Stored data →
•••

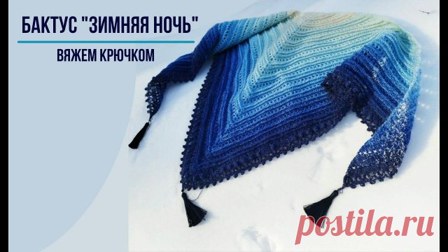 Бактус крючком “Зимняя ночь” Прекрасный теплый аксессуар для зимнего гардероба, простой в исполнении, но эффектный за счет градиентной пряжи. Можно носить поверх уличной одежды или как домашнюю уютную шаль. Если подобрать пряжу с хлопком в составе, получится отличный вариант на весну. Пряжа: Flowers alpaca Yarnart, 20% альпака,
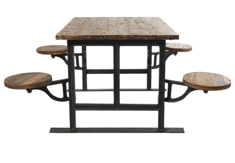 A matte black finish can be seen on the metal frame and mechanicals, while an oiled dark brown wood with marbling is evident on the rectangular tabletop and round chairs. This industrial dining table features 4 built-in seats that helps save space in small interiors
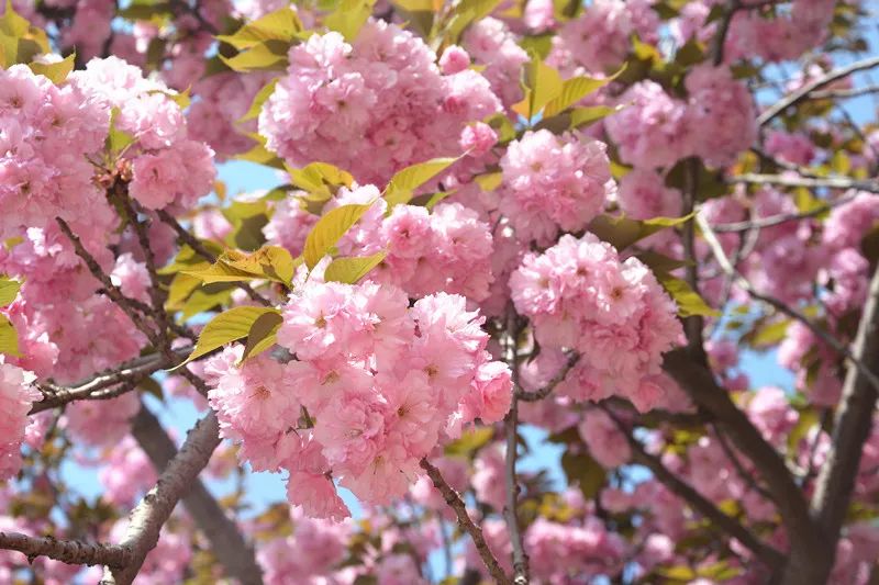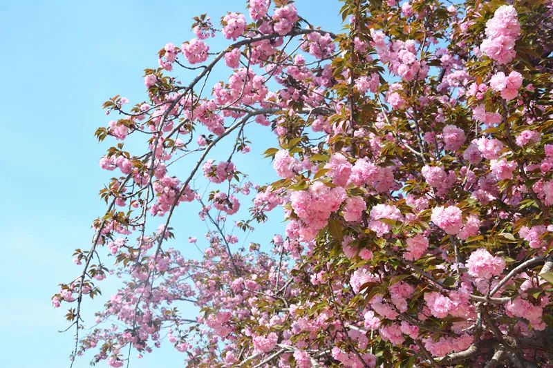 此時(shí),正在盛開(kāi)的粉紅色櫻花
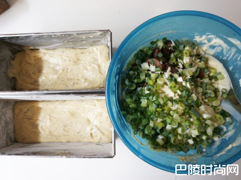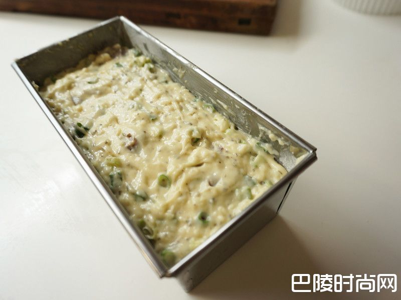 6先取适量步骤5铺在烤模底后,将青葱末、香肠、焗烤用cheese倒入咸蛋糕糊中拌匀。
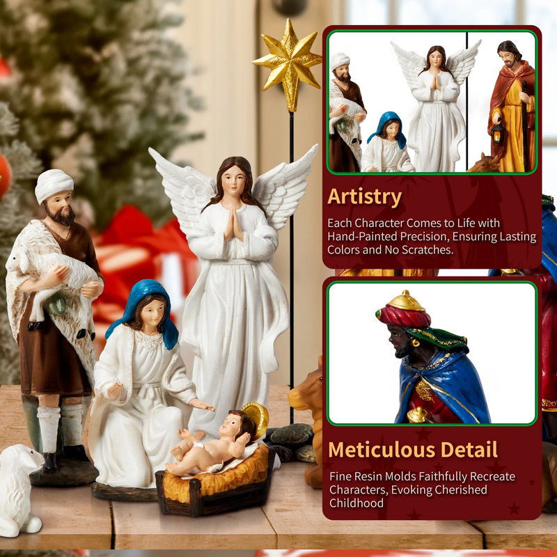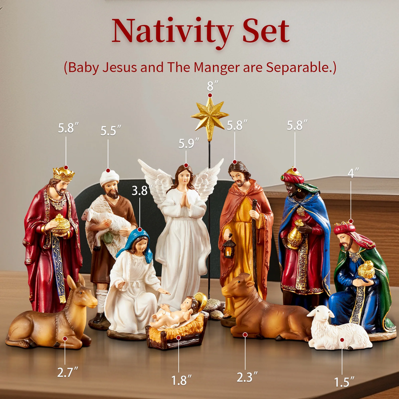 ??Hand-Painted?: It's not just a commodity, it's a work of art. This nativity sets are made of high quality hand-painted cast resin, which makes it more valuable for collection.
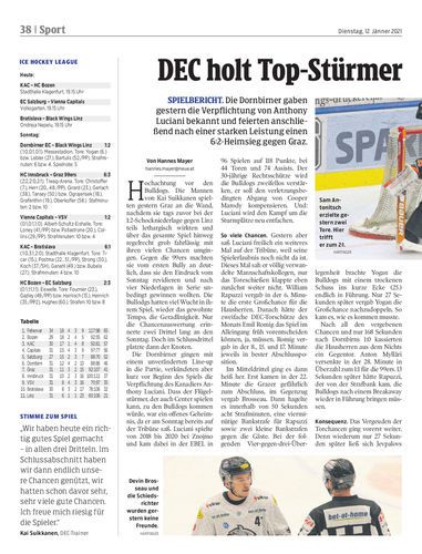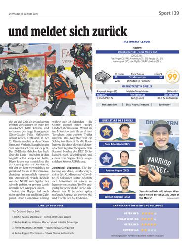 Spielbericht. Die Dornbirner gaben gestern die Verpflichtung von Anthony Luciani bekannt und feierten anschließend nach einer starken Leistung einen 6:2-Heimsieg gegen Graz.
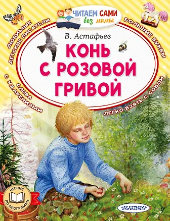 Книги серии «Читаем сами без мамы» — это уникальное собрание золотого фонда отечественной литературы! Сказки, стихи, рассказы с красочными иллюстрациями понравятся каждому малышу! Все произведения серии входят в обязательную программу по чтению, а крупный шрифт и ударения помогут ребёнку самостоятельно познакомиться с шедеврами детской мировой литературы. В этой книге юные читатели прочитают произведение В. Астафьева «Конь с розовой гривой». Вместе с героем истории ребята научатся быть честными, ответственными и добрыми. А красочные декорации таежной деревни на берегах реки Енисей помогут лучше понять прочитанное.
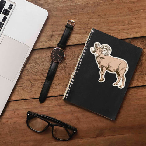 Bighorn Sheep Sticker, 4" wide laptop decal or bumper sticker size. Waterproof vinyl decal for indoor & outdoor use. Made in USA.
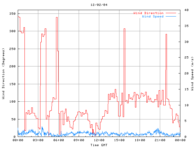 - Max Wind Speed: 3.1 ms-1 Time: 3:32:12 GMT
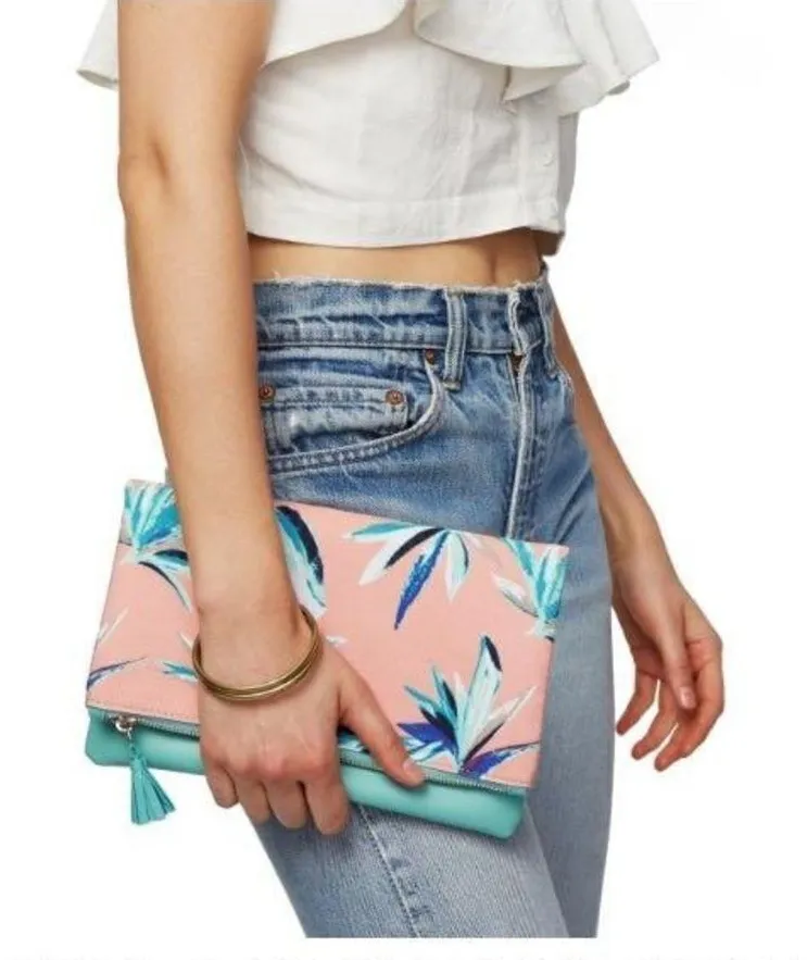 Rachel Pally Mint & Peach Tropical Clutch, NWOT. Beautiful clutch for your next vacation or summer fun! Featured by FabFitFun! So cute! Floral, tropical, spring, summer, designer, vacation, cruise, Easter, Mother’s Day
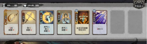 1.加劍意的牌只留兩張2星加防,第五回合即可鎖住一血,【雲泉道茶】用來升級【流雲亂劍】。
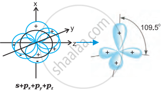 (iii) sp3 संकर कक्षक (sp3-hybridised orbitals) - sp3 संकरण में परमाणु की संयोजकता कोश के s-उपकोश का एक कक्षक तथा p-उपकोश के तीन कक्षक संयोजित होकर समान आकृति एवं तुल्य ऊर्जा के चार sp3 संकर कक्षक बनाते हैं। ये चारों sp3 संकर कक्षक एक चतुष्फलक के चारों कोनों पर निर्देशित रहते हैं।
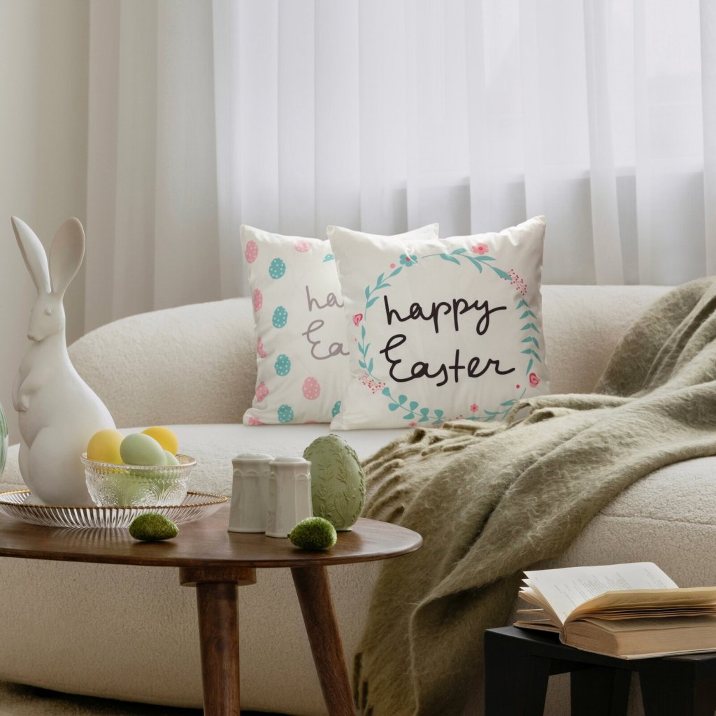 VELIKONOČNÍ DEKORAČNÍ POVLAK NA POLŠTÁŘ EASTER4 45X45 CM VZOROVANÁ

•••

Please restate word for word the lines above, starting with the line that holds "(iii) sp3 संकर" and ending with the final line of the records, while leaving out pictures.

Written reply →
 (iii) sp3 संकर कक्षक (sp3-hybridised orbitals) - sp3 संकरण में परमाणु की संयोजकता कोश के s-उपकोश का एक कक्षक तथा p-उपकोश के तीन कक्षक संयोजित होकर समान आकृति एवं तुल्य ऊर्जा के चार sp3 संकर कक्षक बनाते हैं। ये चारों sp3 संकर कक्षक एक चतुष्फलक के चारों कोनों पर निर्देशित रहते हैं।
 VELIKONOČNÍ DEKORAČNÍ POVLAK NA POLŠTÁŘ EASTER4 45X45 CM VZOROVANÁ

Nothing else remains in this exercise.